Он не получил ответа. Только тишина, густая и тяжёлая, как саван.
Первые дни царствования Василия Шуйского были отмечены не ликованием, а разбродом. Новости о перевороте разлетелись по Руси, как искры от пожара, и каждая искра рождала новый мятеж.
На юге объявился ещё один самозванец – некий Пётр, что выдавал себя за сына царя Фёдора. В Путивле восстал Иван Болотников, казачий атаман, что собрал вокруг себя толпы холопов и недовольных. В Польше шептались о новом походе, чтобы отомстить за убитого «царя Дмитрия».

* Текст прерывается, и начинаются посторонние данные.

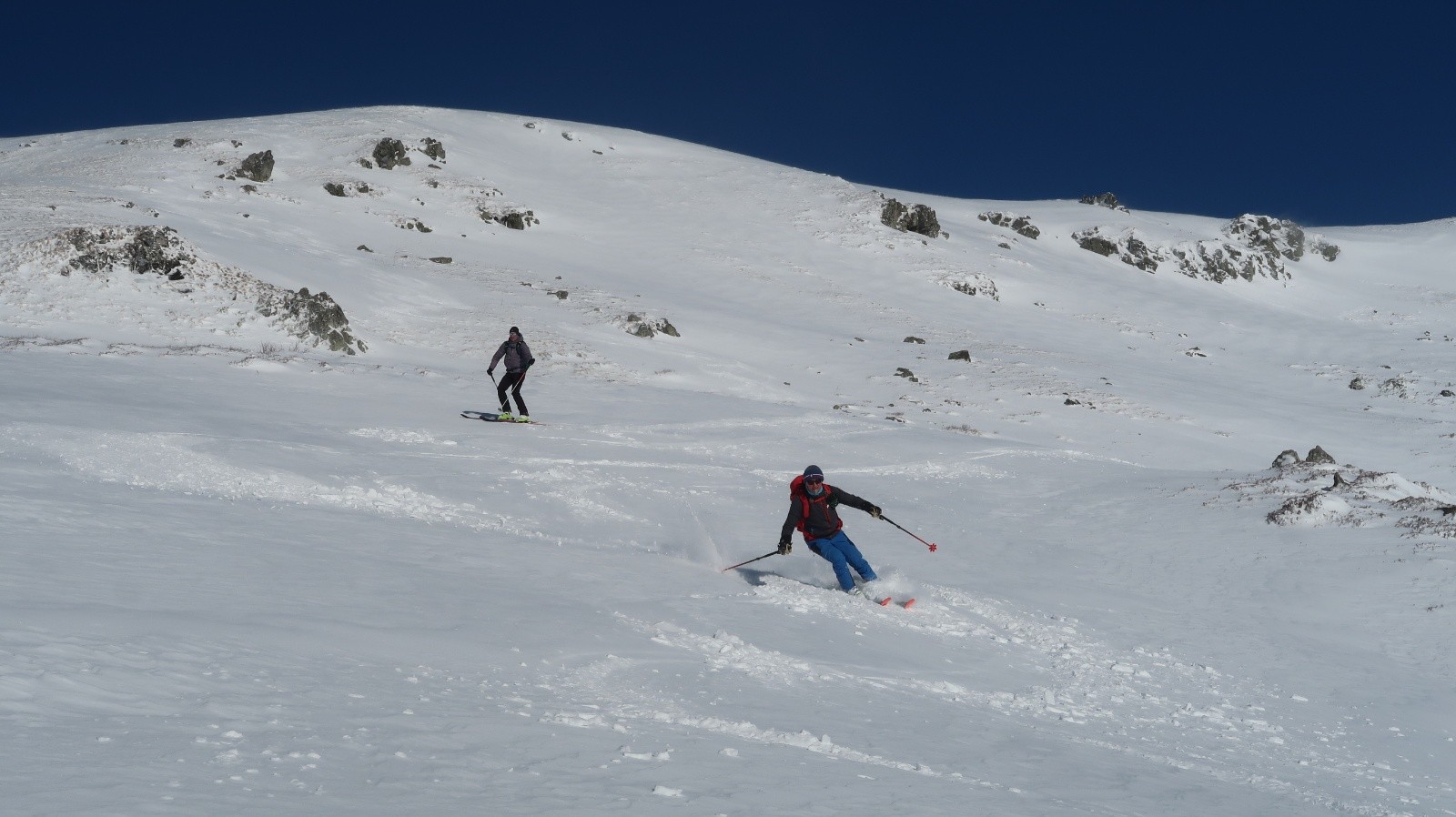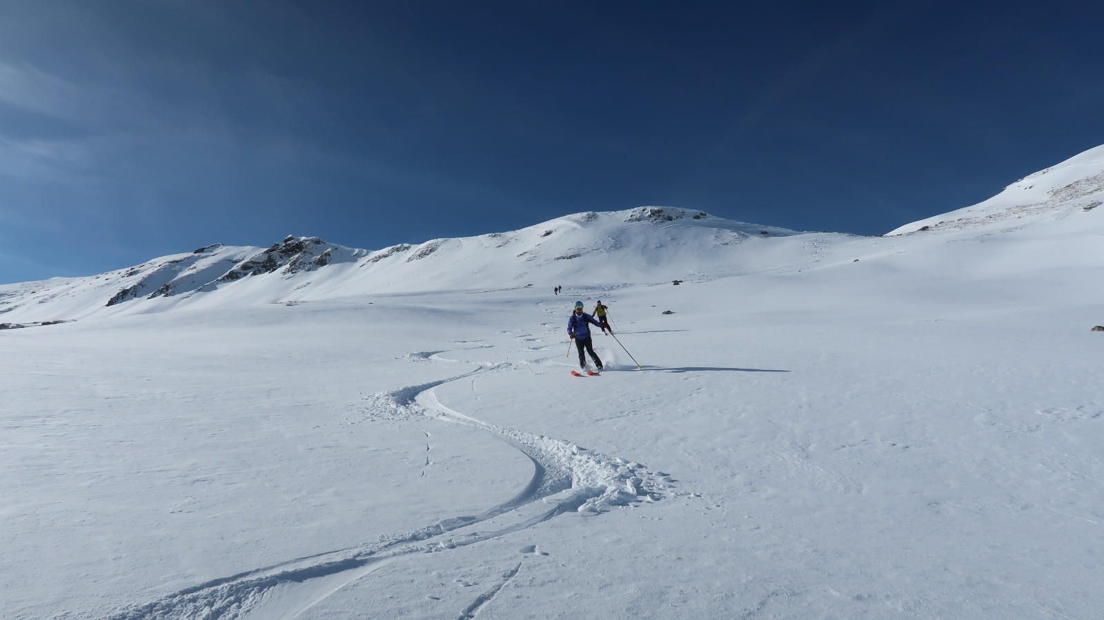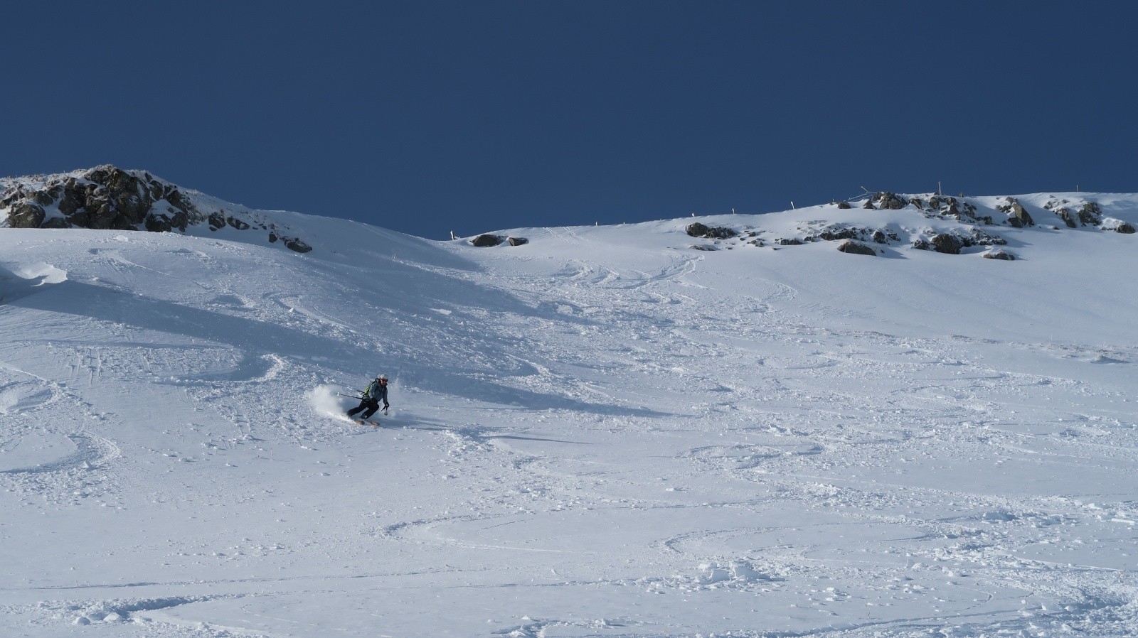 Conditions nivo et activité avalancheuse : Neige plaquée, poudreuse tassée, très bon grip en montée. Rien vu bouger sous nos nombreux skis.

Михаил видел, как дядя пытается удержать власть. Василий Шуйский рассылал грамоты, клялся перед Богом, что Дмитрий был самозванцем, даже приказал перенести мощи царевича Дмитрия из Углича в Москву, чтобы доказать: истинный Дмитрий давно мёртв. Но эти меры не помогали. Русь не верила. Русь раскалывалась.

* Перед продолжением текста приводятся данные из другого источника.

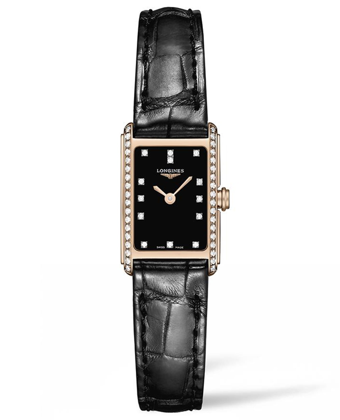 Женские швейцарские часы с бриллиантами Longines DolceVita L5.258.9.57.0, кварцевый механизм с высокой точностью. Сапфировое стекло устойчивое к появлению царапин, обладающее высокой прозрачностью. Класс водозащиты: 30 метров, позволит защитить корпус от случайных брызг или капель дождя. Корпус часов изготовлен из золота, цвета.
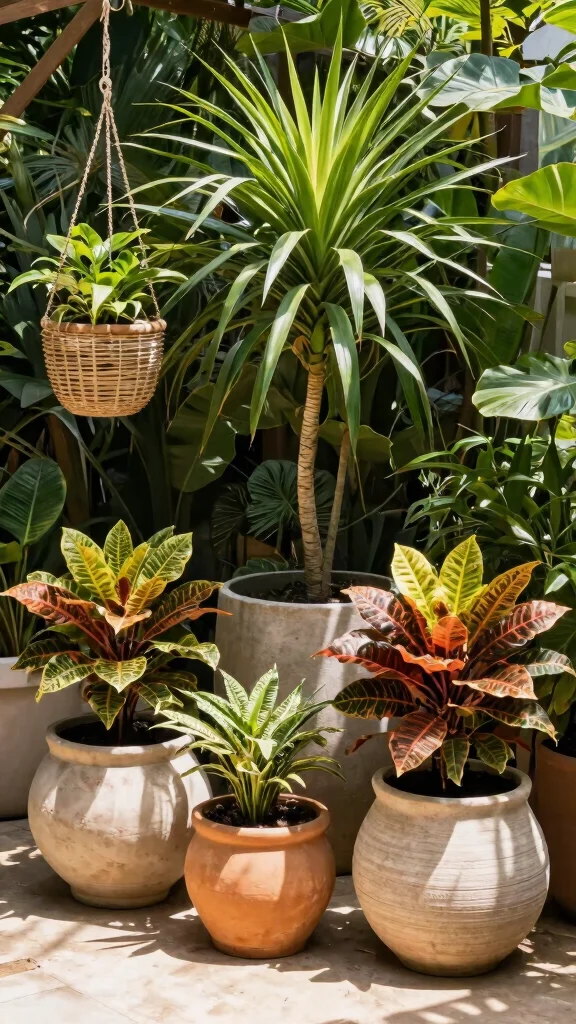 Did you know that mixing three planter types can visually enlarge a small patio by up to 30%? With tropical planter ideas, layer hanging, floor-standing, and ceramic pots for contrast—Dracaena’s spiky height against Croton’s rounded leaves creates instant depth and personality.
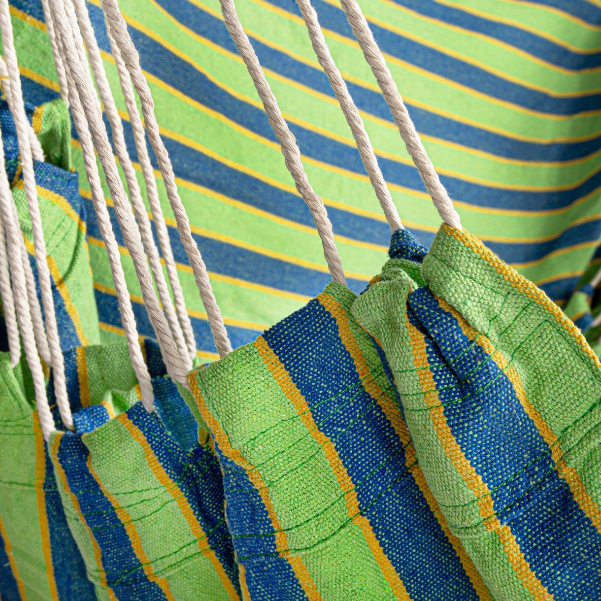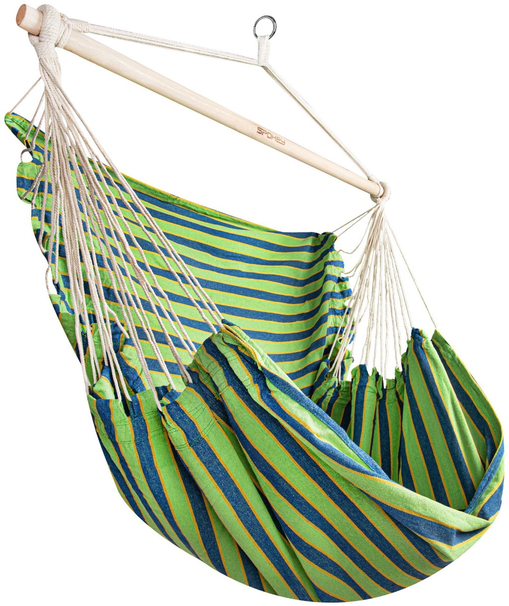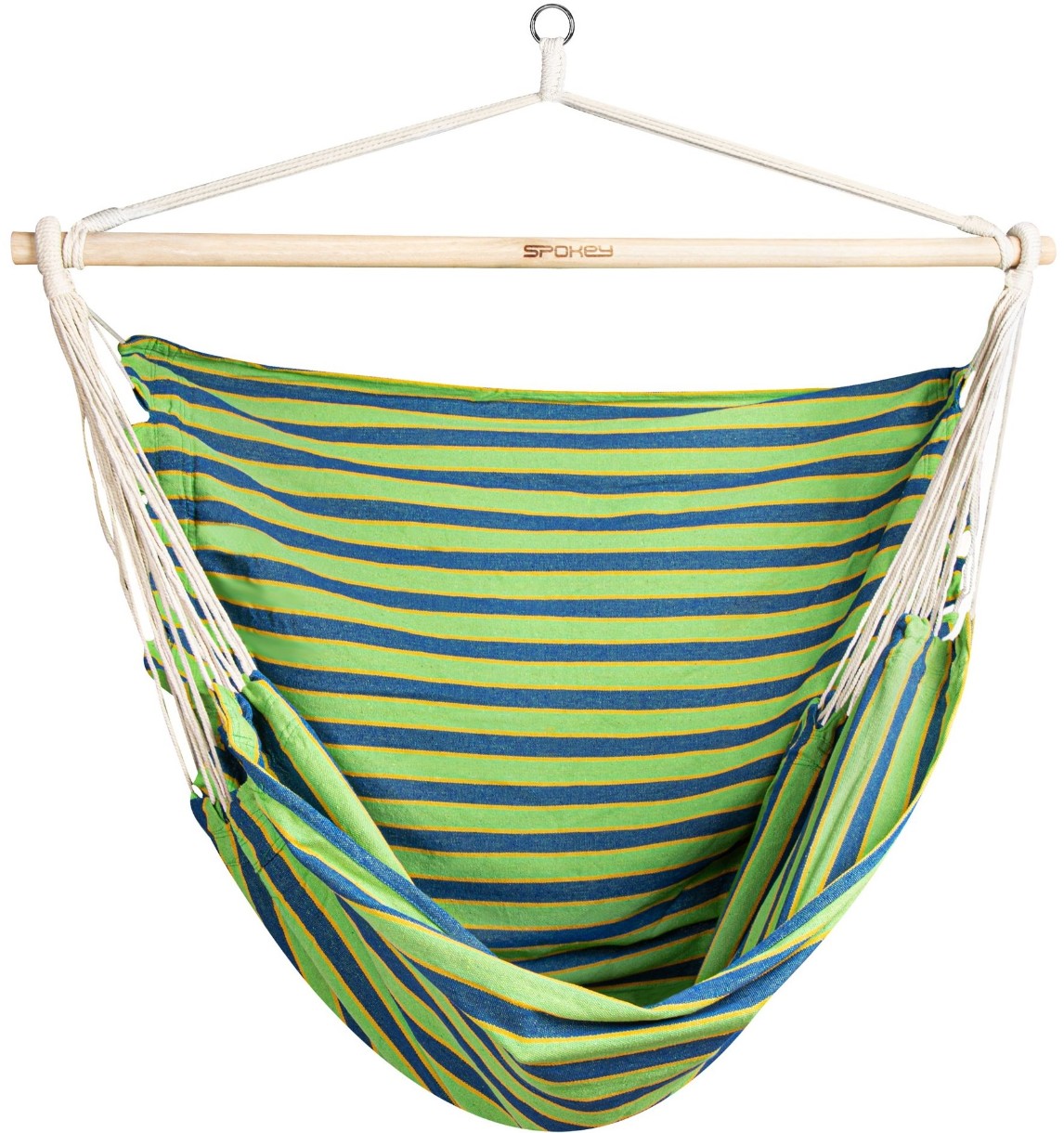 Visezi la un moment de relaxare savurând o cafea delicioasă cu o carte în mână? Alegeți un hamac confortabil care vă permite să vă relaxați confortabil în aer liber în grădină, pe terasă sau balcon, precum și în apartament, de exemplu, în camera de zi și dormitor. Hamacul brazilian Spokey BENCH DELUXE poate fi agățat fie de o ramură de copac, fie de un cârlig fixat corespunzător de tavan sau grindă. Acest model ocupă mult mai puțin spațiu decât hamacele de grădină standard și este mai lat (140 cm), astfel încât să poată fi folosit de două persoane în același timp.

Однажды вечером, в конце мая, Михаил сидел с Иваном Змеевым в харчевне на Ильинке. Они пили кислый квас и жевали чёрный хлеб, слушая разговоры за соседними столами.
– Слыхать ли, в Туле Болотников рать собирает? – говорил какой-то торговец, краснолицый от водки. – Сказывают, сам государь Дмитрий Иванович повелел ему на Москву идти!
– Каков Дмитрий, юрод ты этакой? – огрызнулся другой. – Того убиенным учинили! Се новый вор объявился!
– А хто ведает сие? Авось, и вправду царевич спасеся. Авось, Шуйский во лжи глаголет!
Иван хмыкнул и отпил квасу.
– Тако вот и зачинается, – тихо молвил он Михаилу. – Никто уже не ведает, кому веру иметь. Все меж собою супротивники.
Михаил кивнул. Он чувствовал: дядя открыл ящик Пандоры. Убив Дмитрия, он не спас Русь, а обрёк её на годы войны.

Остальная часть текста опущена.